As #BlackLivesMatter developed throughout 2013 and 2014, we utilized it as a platform and organizing tool. Other groups, organizations, and individuals used it to amplify anti-Black racism across the country, in all the ways it showed up. Tamir Rice, Tanisha Anderson, Mya Hall, Walter Scott, Sandra Bland — these names are inherently important. The space that #BlackLivesMatter held and continues to hold helped propel the conversation around the state-sanctioned violence they experienced. We particularly highlighted the egregious ways in which Black women, specifically Black trans women, are violated. #BlackLivesMatter was developed in support of all Black lives.

In 2014, Mike Brown was murdered by Ferguson police officer Darren Wilson. It was a guttural response to be with our people, our family — in support of the brave and courageous community of Ferguson and St. Louis as they were being brutalized by law enforcement, criticized by media, tear gassed, and pepper sprayed night after night. Darnell Moore and Patrisse Cullors organized a national ride during Labor Day weekend that year. We called it the Black Life Matters Ride. In 15 days, we developed a plan of action to head to the occupied territory to support our brothers and sisters. Over 600 people gathered. We made two commitments: to support the team on the ground in St. Louis, and to go back home and do the work there. We understood Ferguson was not an aberration, but in fact, a clear point of reference for what was happening to Black communities everywhere.

When it was time for us to leave, inspired by our friends in Ferguson, organizers from 18 different cities went back home and developed Black Lives Matter chapters in their communities and towns — broadening the political will and movement building reach catalyzed by the #BlackLivesMatter project and the work on the ground in Ferguson.

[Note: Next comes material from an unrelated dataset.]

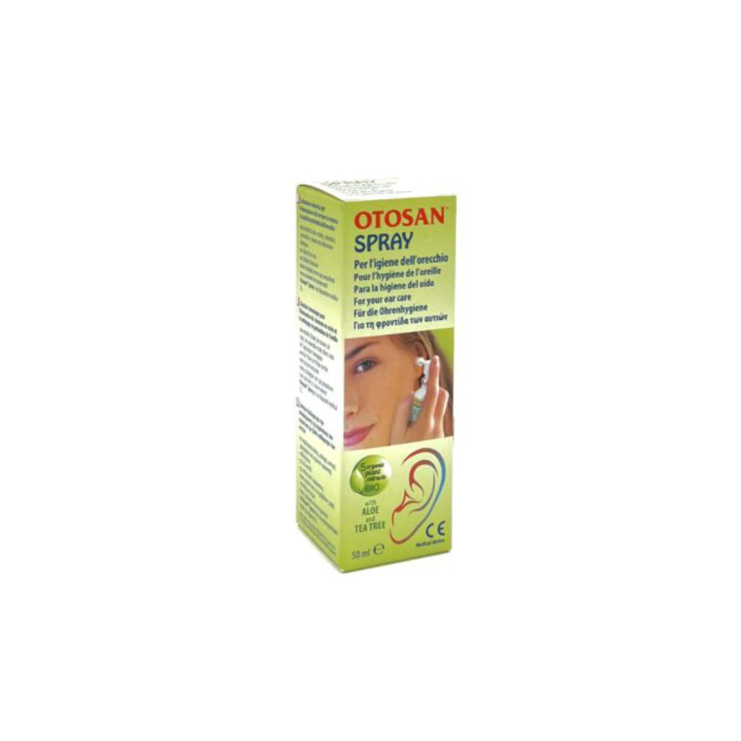Izotonična raztopina za odstranjevanje odvečnega ušesnega masla in čiščenje sluhovoda. Z izvlečki aloje, slezenovca, ognjiča, kamilice in limone iz ekološke pridelave. Vsebuje olje čajevca, vlažilno sredstvo. Okolju prijazno pršilo, ki ne vsebuje potisnih plinov. Brez barvil in konzervansov. Pršilo Otosan® Spray je medicinski pripomoček z oznako CE. Učinkovine: voda, izvleček* cvetu ognjiča (Calendula officinalis), izvleček* cvetu kamilice (Chamomilla recutita), olje čajevca (Melaleuca alternifolia), izvleček* limonine lupine (Citrus medica limonum), izvleček* lista gozdnega slezenovca, izvleček* lista aloje (Aloe barbadensis), natrijev klorid. *Organska/ekološka pridelava". Uporaba od 2,5 leta starosti. Vsebina: 50ml.

It became clear that we needed to continue organizing and building Black power across the country. People were hungry to galvanize their communities to end state-sanctioned violence against Black people, the way Ferguson organizers and allies were doing. Soon we created the Black Lives Matter Global Network infrastructure. It is adaptive and decentralized, with a set of guiding principles. Our goal is to support the development of new Black leaders, as well as create a network where Black people feel empowered to determine our destinies in our communities.

The Black Lives Matter Global Network would not be recognized worldwide if it weren’t for the folks in St. Louis and Ferguson who put their bodies on the line day in and day out, and who continue to show up for Black lives.”

The print says “#BLACKLIVESMATTER” in the background; the largest type says “HOLD SPACE”, and the smaller type says “In 2013, three radical Black organizers — Alicia Garza, Patrisse Cullors, and Opal Tometi — created a Black-centered political will and movement building project called #BlackLivesMatter.” which is a quote from blacklivesmatter.com/herstory. The smallest type is the photo credit: “Photo credits, top to bottom: Alicia Garza, Citizen University, 2016; Patrisse Cullors (May 2015) and Opal Tometi (August 2015), The Laura Flanders Show” and the project credit and artist’s website and the creative commons license.